5/5 - (14 votes)

A city breathing with modern technologies, riding the metro up the mountains, swimming in a fjord, cruising to green islands, or just chilling out in a park or by the lake. All of this and more can be experienced in the land of fjords, in the capital city of Norway, in the blue-green Oslo.

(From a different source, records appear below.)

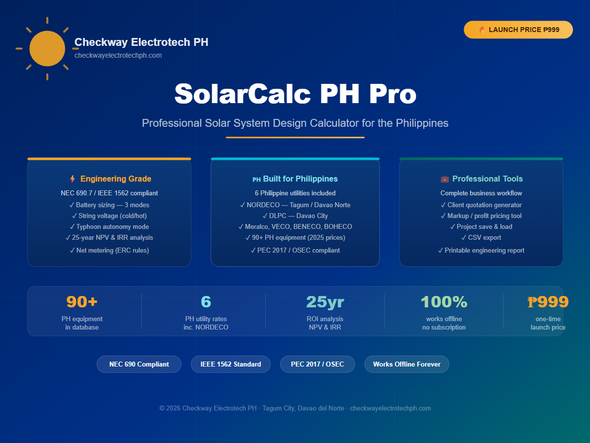 SolarCalc PH Pro is a complete solar system design and financial calculator built exclusively for the Philippine market. Unlike generic online tools that only accept your monthly bill and give you a rough panel count, SolarCalc PH Pro performs full engineering-grade calculations following NEC Article 690, IEEE 1562, and PEC 2017 — the same standards required by MERALCO, NORDECO, DLPC, and other Philippine distribution utilities for net metering applications.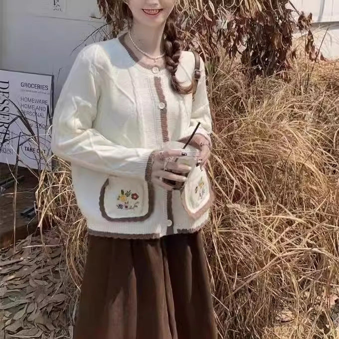 - Unique design: The cardigan features a sophisticated knit structure and charming floral embroidery on the pockets, adding a special touch.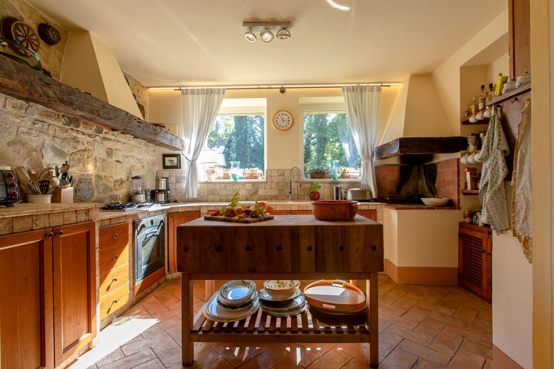 The villa is equipped with air conditioning in all five bedrooms to ensure comfortable rest during warm summer months. Entertainment options include satellite TV, a television, a VCR, and a stereo system with an iPod docking station for your enjoyment. The fully equipped kitchen features a dishwasher, stove, oven, microwave oven, American coffee maker, refrigerator, freezer, toaster, and a traditional wood burning oven for authentic Tuscan cooking experiences. A dedicated laundry room houses a washing machine for your convenience. The outdoor barbecue area includes a built-in grill perfect for preparing Mediterranean feasts. The traditional fireplaces located in both the living room and kitchen add rustic charm and authentic Tuscan character to the villa, with the kitchen fireplace available for use.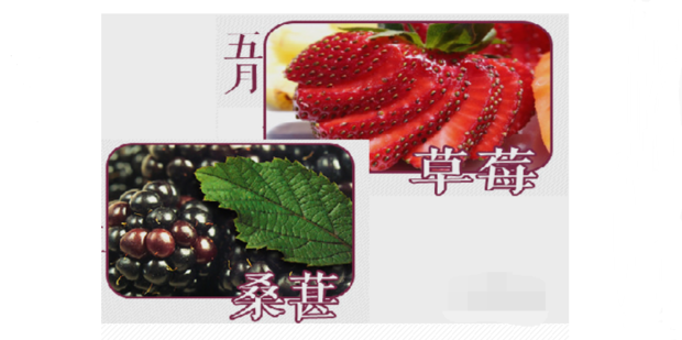 五月份应季水果是 草莓、桑葚,草莓含有丰富的叶酸,有益于心脏健康和改善消化道健康,还具有抗癌的保健功能。桑葚性寒,补血养颜,健脾胃,助消化,含有鞣酸、脂肪酸等营养成分。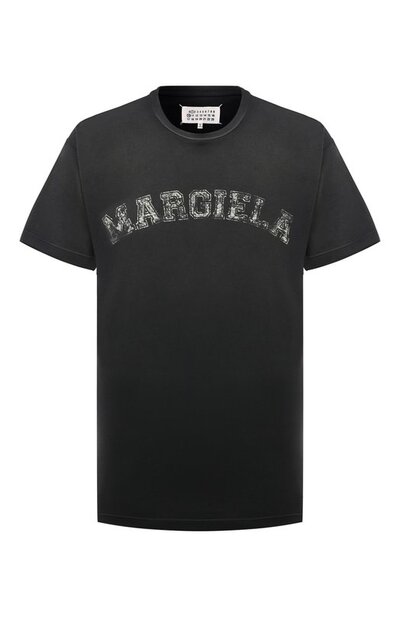 Нарочито состаренная темно-серая футболка прямого кроя сшита из мягкого хлопкового джерси. Легкая модель с круглым вырезом и короткими рукавами украшена спереди крупной надписью с названием бренда, основанным Мартином Маржелой, стилизованной под символику университетов. Предлагаем создать образ с джинсами в тон, черным бомбером и белыми кедами.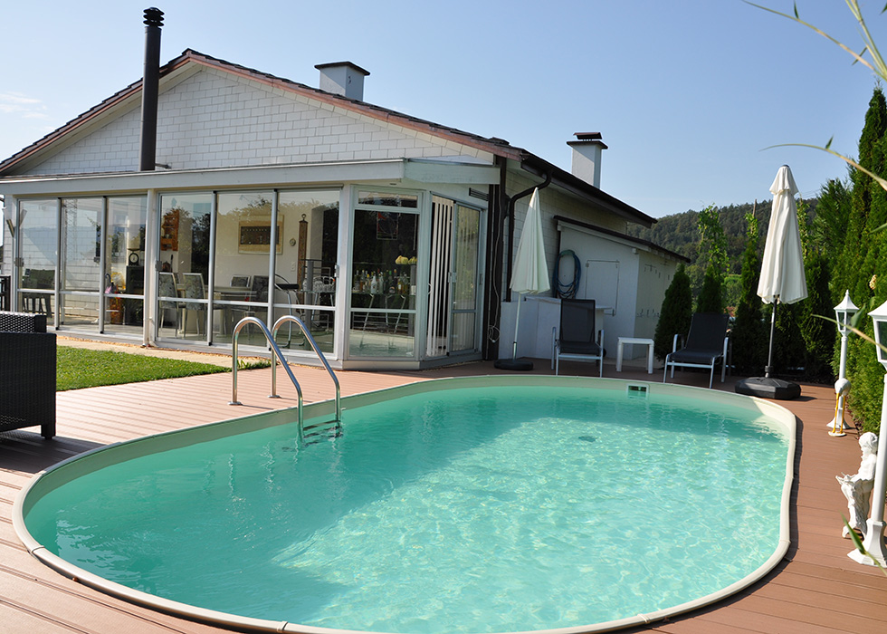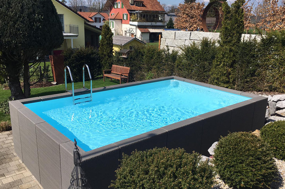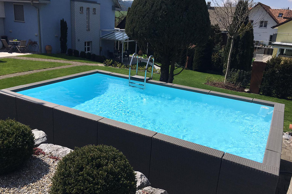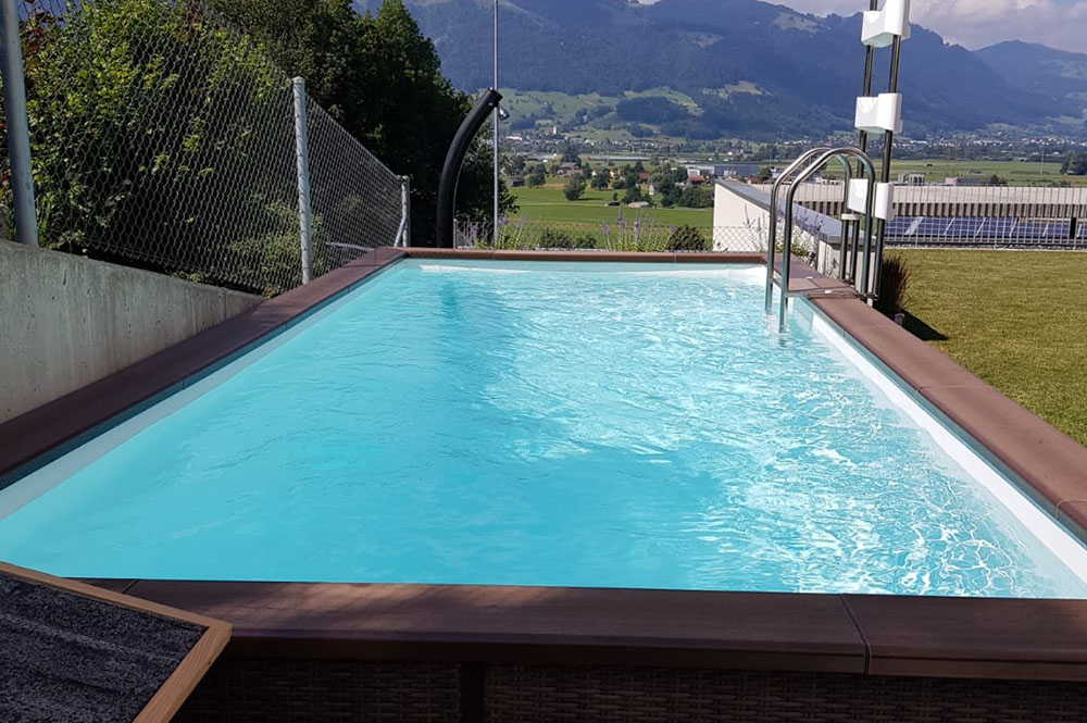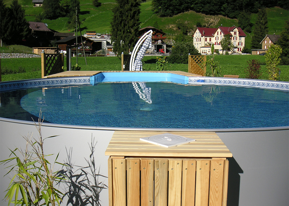 Die Stahlwandbecken bieten wir im Set an. Im Preis inbegriffen sind Zubehör und Abdeckungen. Die detaillierte Beschreibung zum Angebot und den Massen finden Sie in der Preisliste.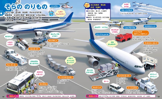 乗り物の種類だけでなく、しくみも解説されているので、物理、 工学系の知識が感覚的に身につき、社会、街や流通など幅広い知識に興味を持てるしかけがたくさん詰まっています。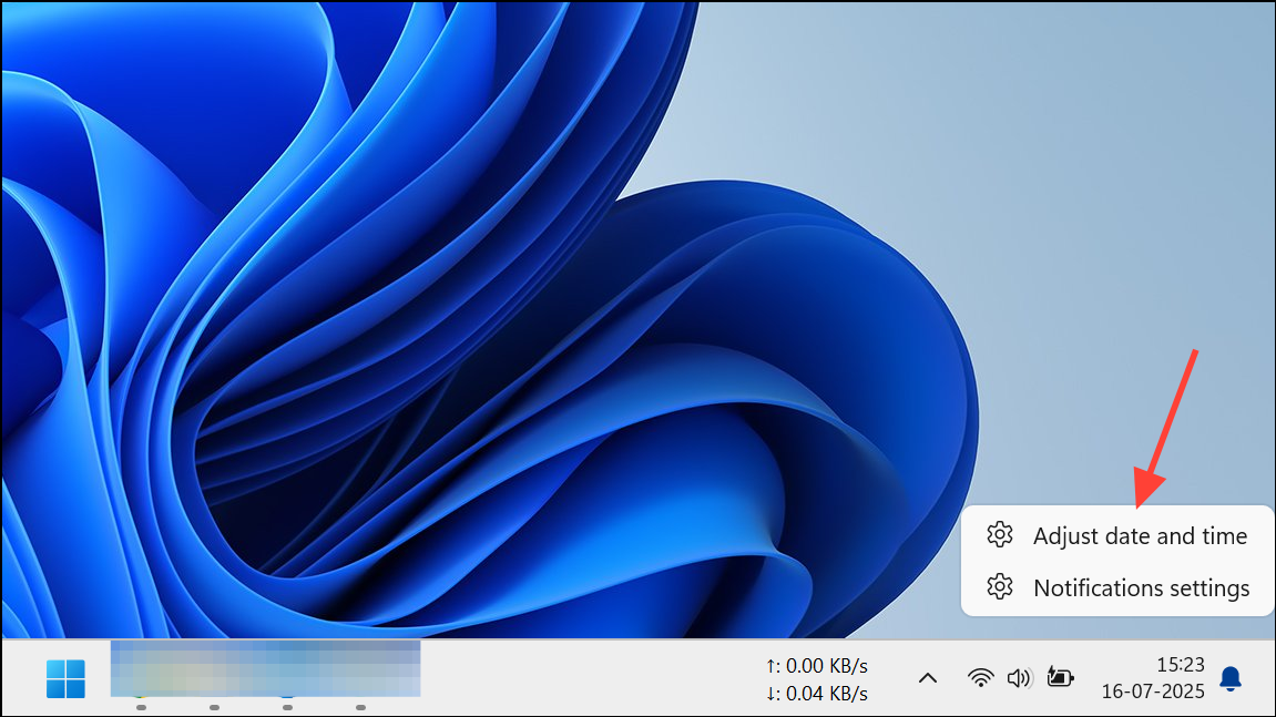 Step 1: Right-click the clock in the taskbar and select Adjust date and time.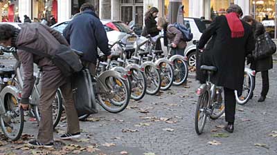 14日,巴黎市民在街頭取用市政府出租的公共自行車。由于公共交通系統(tǒng)的工人罷工,自行車成為巴黎上班族的重要交通工具。
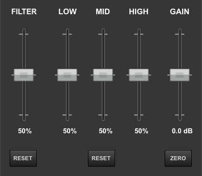 EQUALIZERAt the bottom of each set of sliders, a reset button (zero for gain) can be found to bring any of the adjusted parameters back to their neutral positions quickly.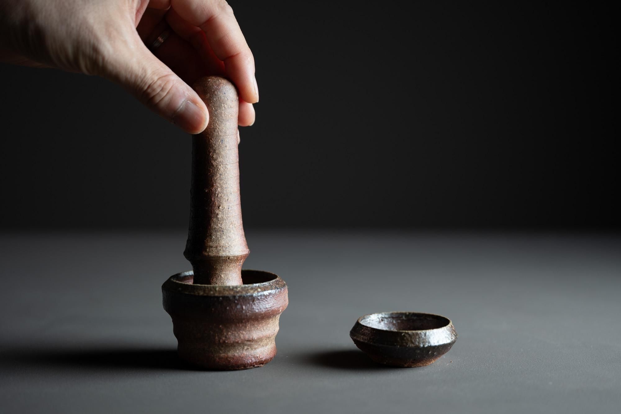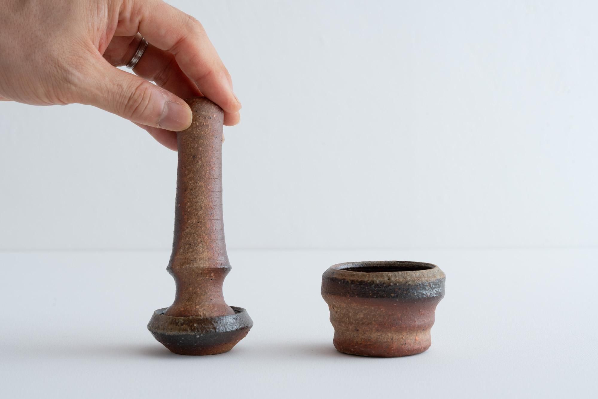 備前焼のスパイスミル。陶器の表面のザラザラがスパイスを磨り潰すのにちょうどいい塩梅なのです。
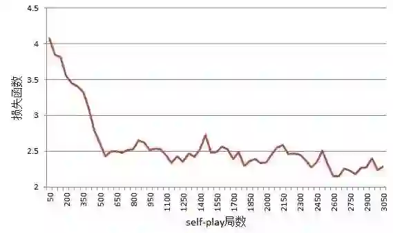 从优化的角度来说,我们是在 self-play 数据集上不断的最小化损失函数: , 其中第三项是用于防止过拟合的正则项。既然是在最小化损失函数,那么在训练的过程中,如果正常的话我们就会观察到损失函数在慢慢减小。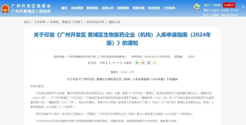 近日,廣州市黃埔區(qū)人民政府發(fā)布《廣州開發(fā)區(qū) 黃埔區(qū)生物醫(yī)藥企業(yè)(機(jī)構(gòu))入庫申請(qǐng)指南(2024年版)》,其中提到,申請(qǐng)單位應(yīng)符合以下條件:
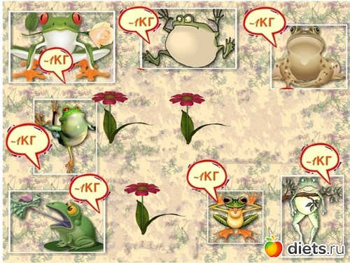 .. В моих рисунках между 100 и 90 десять килограммов и десять толстых жаб. С каждым потерянным килограммом я стираю с картинки одну жабу.
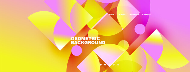 Abstract geometric background features vibrant yellow, pink hues. Text displays Geometric Background, navigation options present. Modern design.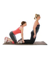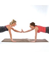 - While keeping backs flat, in a straight line from head to heels, tilt your pelvises and contract your abdominals to prevent your rear ends from sticking up in the air.

Detailed map of our points of interest[/caption>

Contents

Tips – Practical information
Day 1 – Holmenkollen, Vigeland Park and Huk Beach
Day 2 – Paradisbukta Beach and Bygdøy Sjøbad
Day 3 – Fram and Kon-Tiki Museums
Day 4 – Hovedøya Island, city center and Sognsvann Lake
Day 5 – Langøyene Island and Aker Brygge district
Day 6 – City tour with a free city guide

Practical information:

  • You only need an ID card to travel to Norway
  • Even though Norway is not an EU member, the roaming regulation applies, meaning you use data and calls as in the EU
  • Oslo is one of the most expensive cities in the world, with accommodation prices starting at €40/night/person (if you’re two) or shared rooms from €30/night/person
  • Free guided city tours in English (free city guide) start every day at 10:00 by the tiger statue in front of the main station
  • Oslo Pass, costing around €42/24h, is worth it if you visit at least 3 museums in a day
  • In summer, daylight is approximately from 4:00 to 23:00, and it stays light even after that, so you can plan activities from morning till late night 🙂
  • You pay 20 NOK (around €2) for using the WC at the main station, but for example, it is free at the Town Hall
  • You can pay by card everywhere, even for the mentioned WC
  • Tax-free shopping – when shopping in a store with this logo, you can claim a tax refund at the airport, but the purchase from one store must be at least 315 NOK (around €33)
  • Beer and wine are only sold in supermarkets until 17:00, and spirits only in specialized stores Vinmonopolet

Transport

  • Tickets for public transport can also be bought through the app RuterBillett, saving you 50 NOK (around €5) for a chip card
  • With the public transport pass, you have access to metro, buses, trams, and ferries – CAUTION – the only exception is the ferry to Bygdøy peninsula
  • The best transfer hubs are the City Hall (Radhuset) and the main station (Jernbanetorget)
  • To get to the Bygdøy peninsula, take bus no. 30 – best from the City Hall (Radhuset) or the main station (Jernbanetorget)
  • Metro line no. 1 covers the largest height difference in the world from -9m to 469m and has the most beautiful track through nature (definitely go to the last stop Frognersetteren)
  • Each seat on buses is equipped with a USB connector, so it’s worth carrying your cable (metros also have connectors at the ends of the carriages)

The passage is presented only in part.